The uncertainty prompted Eckel to act. Reluctantly, he says, Eckel quit Prime in February to take a job with Lotus Development Corp., a major Boston-area software company. “When I left Prime, I had the sense it was very close to the end,” he said. “It looked like (MAI) was in a position to win.”

As it turned out, the takeover battle dragged on for another six months. And MAI didn’t win after all. In fact, the losers appear to outnumber the winners in the battle, which apparently ended with Prime’s acceptance earlier this month of a $1.2-billion friendly bid from J. H. Whitney & Co., a New York venture capital firm.

The nine-month fight, coming amid a continuing wave of mergers nationwide, serves as a case study in how corporate combat can hurt companies, employees and customers.

Prime and MAI say that they spent nearly $70 million battling each other since last November. Morale at both companies suffered as the long battle drove off key employees and triggered extensive layoffs. Further, at a time when Prime and MAI were struggling to survive in a desperately competitive minicomputer market, both lost skittish customers concerned that the battle would disrupt the firms’ operations.

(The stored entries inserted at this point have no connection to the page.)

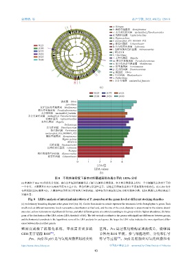 and the horizontal coordinate is the logarithmic score of the LDA analysis for each genus; the larger the LDA value indicates the more significant differ-
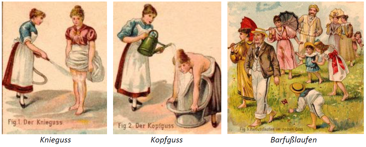 Aber auch das Barfußlaufen, vor allem auch das morgendliche Tautreten auf der Wiese (Barfußgehen auf nassem Gras) oder das Wassertreten dienten für Kneipp der Gesunderhaltung und waren auch Bestandteil seiner Heilmethode. Die nachstehenden Abbildungen einer Kneippkur im 19. Jahrhundert zeigen beispielhaft einen Knieguss, einen Kopfguss und das Barfußlaufen.
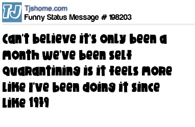 X is Can't believe it's only been a month we've been self quarantining is it feels more like I've been doing it since like 1979
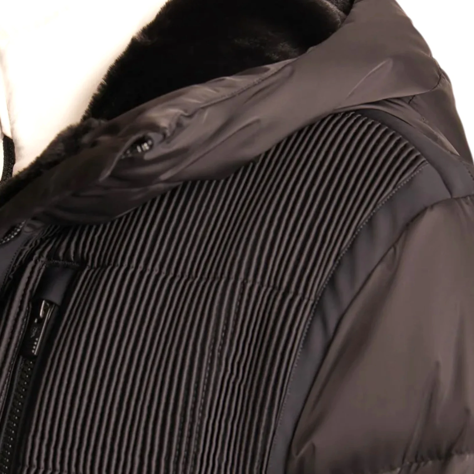 - Ouate PrimaLoft® respirante au corps, capuche attenante doublée en fausse fourrure, manchons en tricot
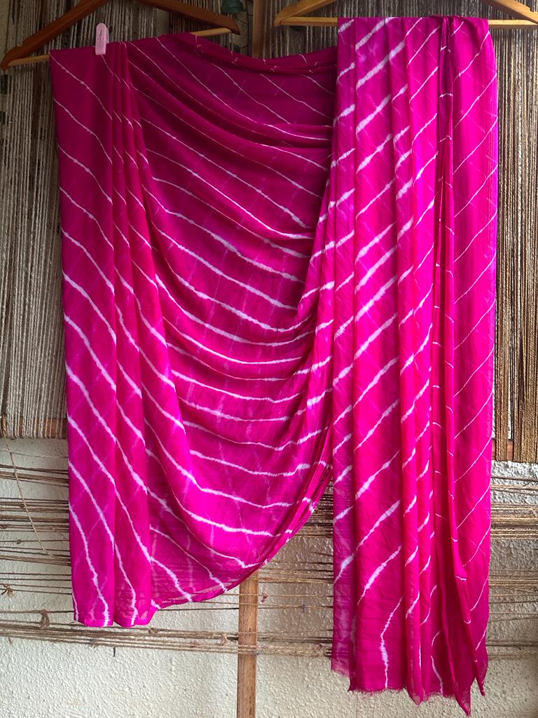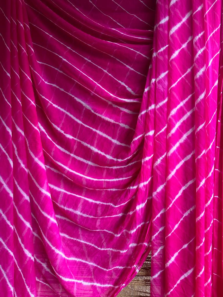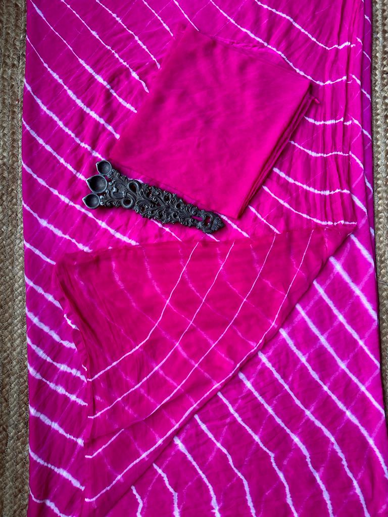 RANI PINK LEHARIYA HANDCRAFTED SAREE WITH HAVE ITS OWN CONTRAST BLOUSE PIECE (80 CMS)
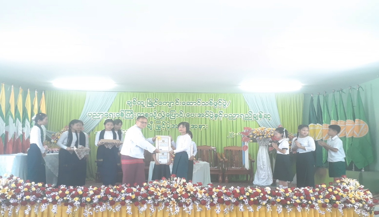 ဆက်လက်၍ ၂၀၂၃-၂၀၂၄ပညာသင်နှစ်နှင့် ၂၀၂၄-၂၀၂၅ ပညာသင်နှစ်ပညာရည်ချွန်ဆုချီးမြှင့်ခြင်း အခမ်းအနားကိုကျင်းပရာ ကွမ်ဘီကျေးရွာ အခြေခံပညာမူလတန်းကျောင်း ကျောင်းအုပ်ဆရာမကြီး ဒေါ်နန်းစိန်စိန်ပွင့်က အမှာစကားပြောကြားသည်။ ထို့နောက် ၂၀၂၃-၂၀၂၄ပညာသင်နှစ်နှင့် ၂၀၂၄-၂၀၂၅ ပညာသင်နှစ်တို့တွင်ဆုရရှိသော ကျောင်းသား၊ ကျောင်းသူများအား ပြည်နယ်ပညာရေးမှူးရုံးမှ ညွှန်ကြားရေးမှူး ဦးစသိန်းကျော်၊ ခရိုင်ပညာရေးမှူး၊ မြို့နယ်ပညာရေးမှူးနှင့်တာဝန်ရှိသူများက ဆုများ ပေးအပ်ချီးမြှင့်ခြင်း၊ ဘာသာရပ်အလိုက် စာသင်ပြမှုထူးချွန်ဆုရရှိသော ဆရာ၊ ဆရာမများအား ဂုဏ်ပြု မှတ်တမ်းလွှာနှင့်ဆုများပေးအပ်ခဲ့ကြောင်း သိရသည်။
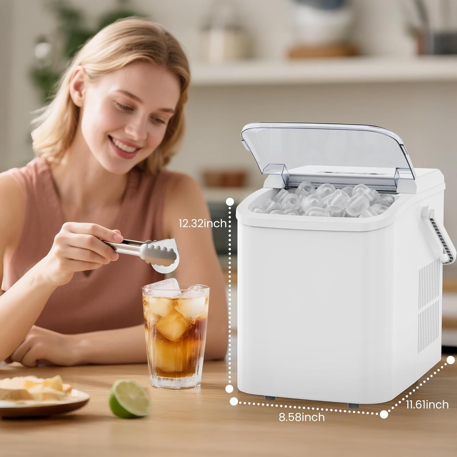Built-in automatic cleaning function. Press the power button for 5 seconds to start. Keep the machine clean and the ice cubes fresh. Combined with detachable ice trays and ice scoop, it is convenient to take and clean, making daily maintenance more convenient.
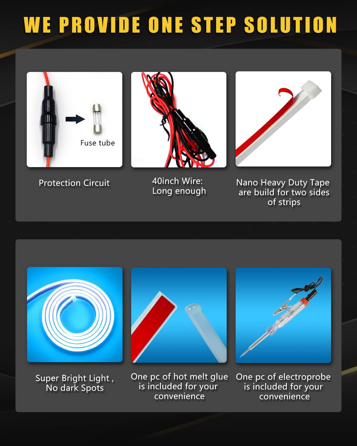 - ăFuse ProtectionăThe Car led strip light is made of soft silicone with heavy duty Nano Tapes on both sides,Super Bright,No dark Spots.Short circuit protection to enhance the safety.
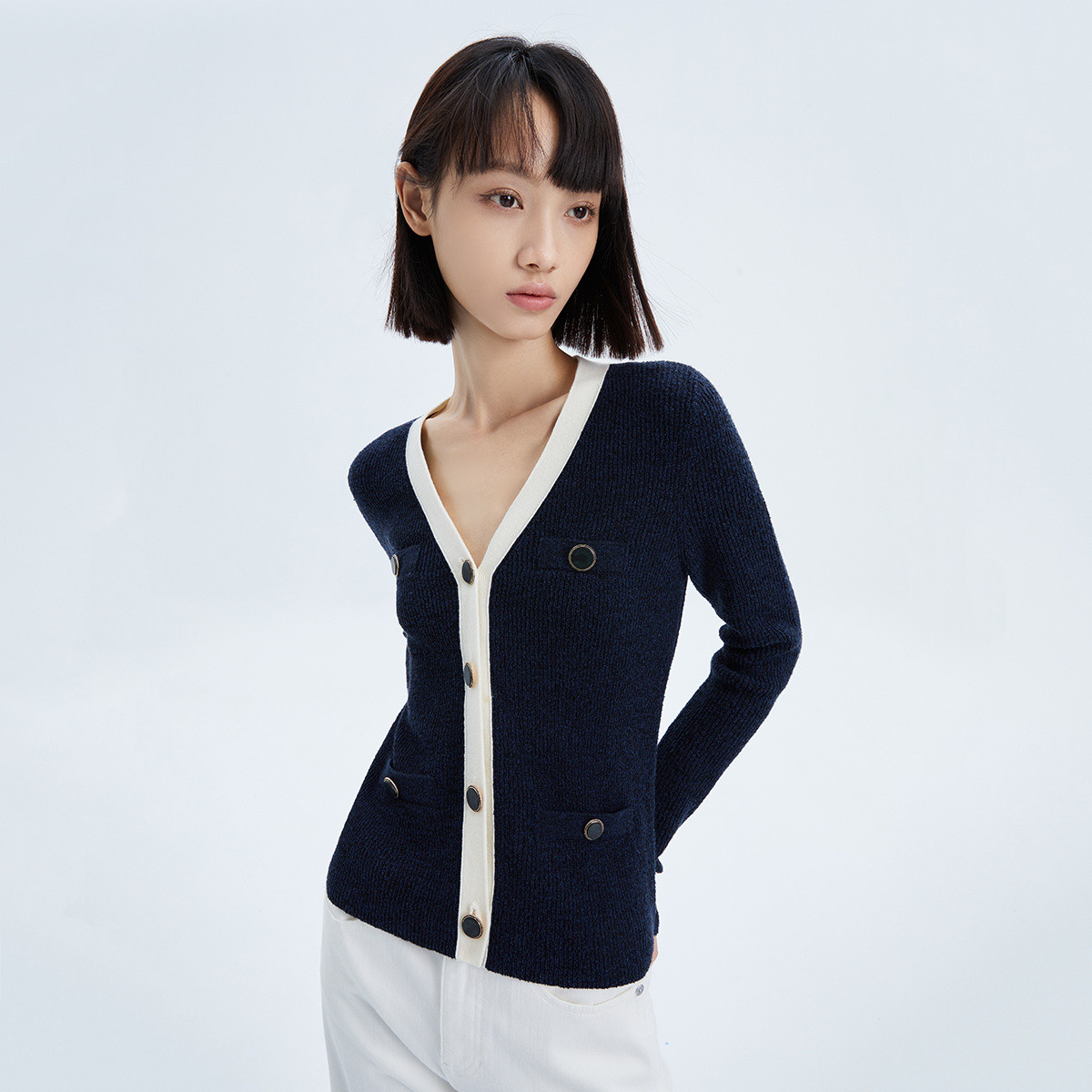 【含天丝桑蚕丝】春夏专柜修身v领拼色针织开衫气质百搭时尚 618897
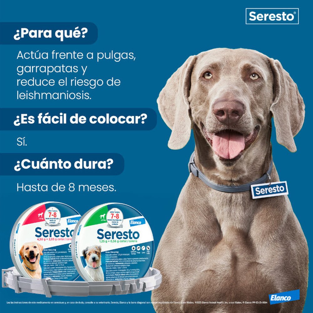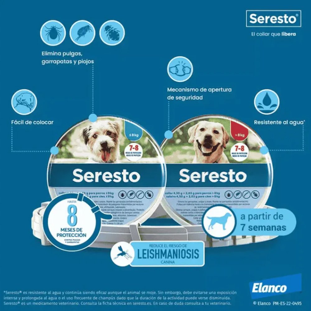 Más información y fichas tecnicas en https://mimascotayyo.elanco.com/es/nuestros-productos/seresto/seresto-perros
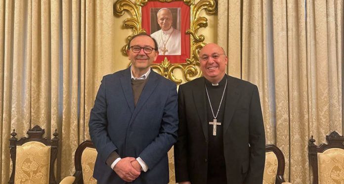 El pasado 2 de febrero, el obispo de Guadix, don Francisco Jesús Orozco, recibió en el Obispado la visita del profesor Manuel Fandila Sánchez Hurtado, natural de Guadix y especialista en comunicación institucional, actualmente docente en la Pontificia Universidad de la Santa Cruz, en Roma.
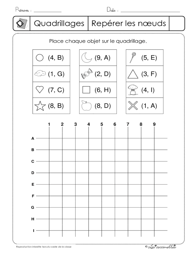 Prnom :___Date :___Quadrillages Reprer les nuds Place chaque objet sur le quadrillage.(4, B)(9, A)(5, E)(1, G)(2, D)(3, F)(7, C)(6, H)(4, I)(8, B)(8, D)(1, A)12A B C D E F G H IReproduction interdite
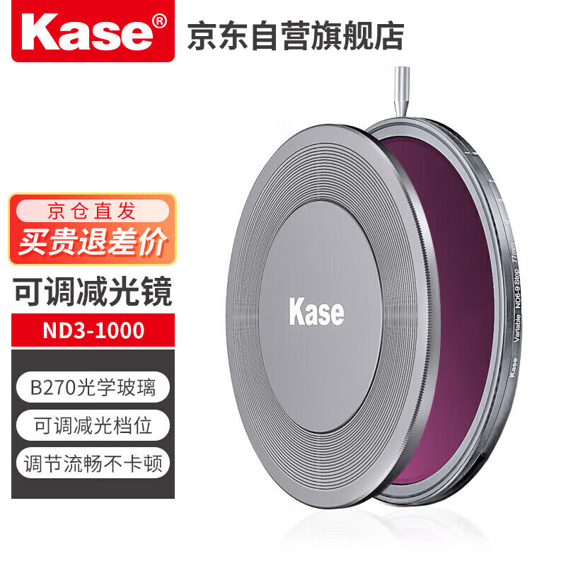 卡色(Kase)减光镜 可调ND3-1000 1.5-10档 82mmND镜中灰密度镜低色偏长曝光水流拉丝慢门 磁吸镜头盖价格:658.00元!
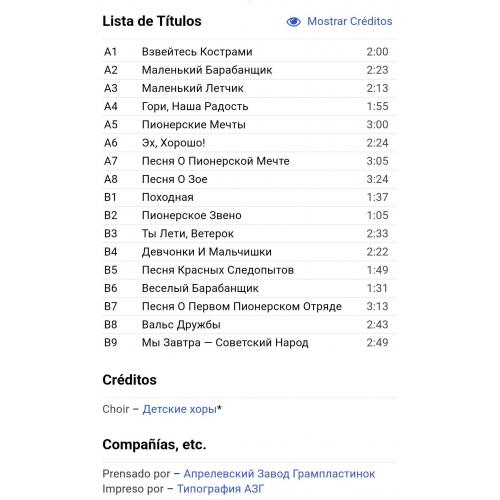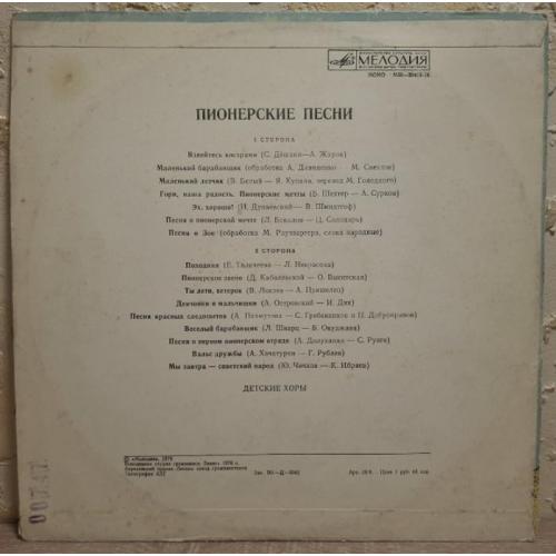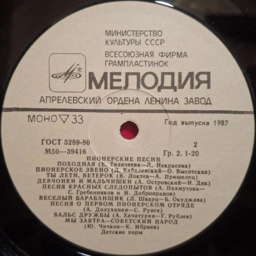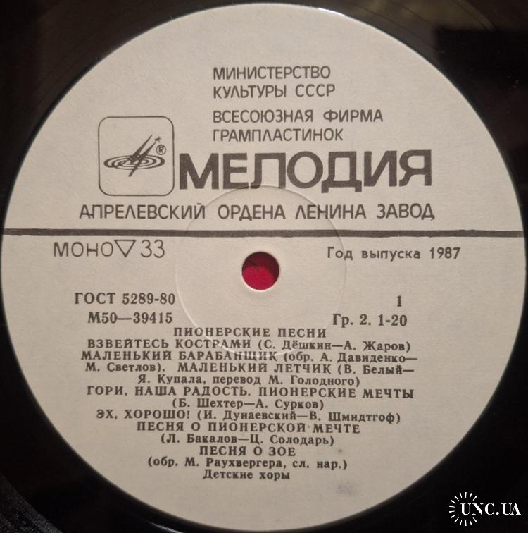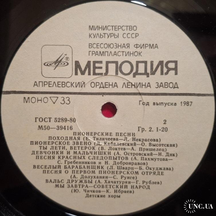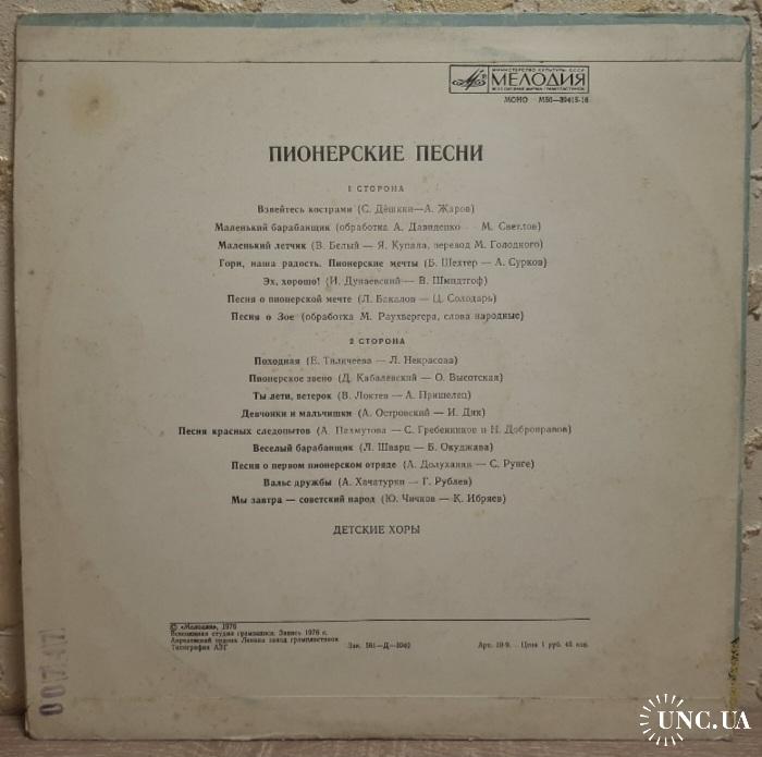 1961-1980Вінілова платівка. Збірка піонерських дитячих пісень у виконанні дитячих радянських хорів: Детские Хоры (Пионерские Песни)1976. Випуск фірми (Мелодія) СРСР, Апрелєвський завод грамплатівок, 1987-ий рік. Рідкісне видання (Rare). Лімітований тираж (Limited Edition). Стан платівки VG+. Стан конверту EX-. Відправка по Україні службами доставки: Нова Пошта, Укр Пошта, Делівері. Також відправляємо посилки за кордон по цілому світу.
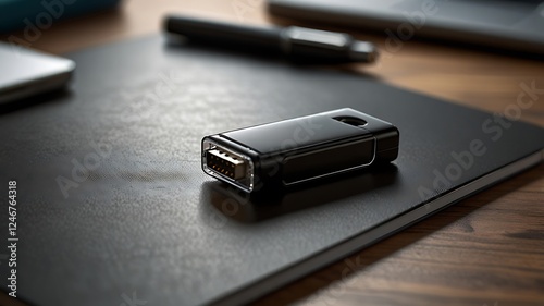 Sleek black USB drive on textured surface, a modern workspace accessory
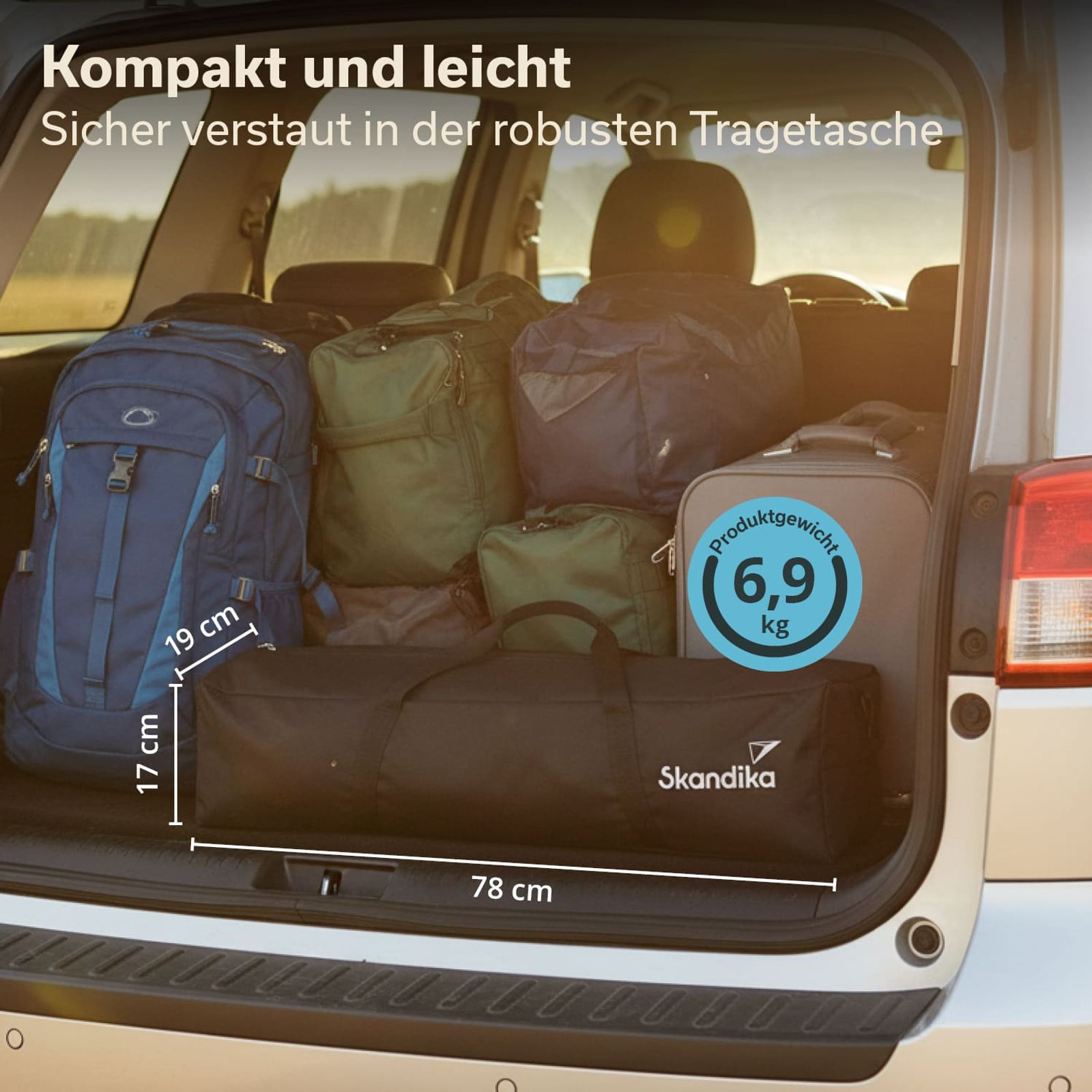 - Maße 120 × 80 × 70 cm | Faltmaß 78 × 19 × 17 cm | Packmaß 80 × 21 × 19 cm | Gewicht 6,9 kg

When all was said and done, neither company got what it wanted.

Industry Consolidating

Prime Chairman David J. Dunn fought to keep the company independent, but was forced to find a “white knight” in J. H. Whitney to escape LeBow’s grasp. MAI, a relatively unknown computer maker, lost in its effort to expand; when MAI launched its bid, LeBow had argued that the merger would be good for both companies because only larger, stronger firms would survive as the industry consolidated.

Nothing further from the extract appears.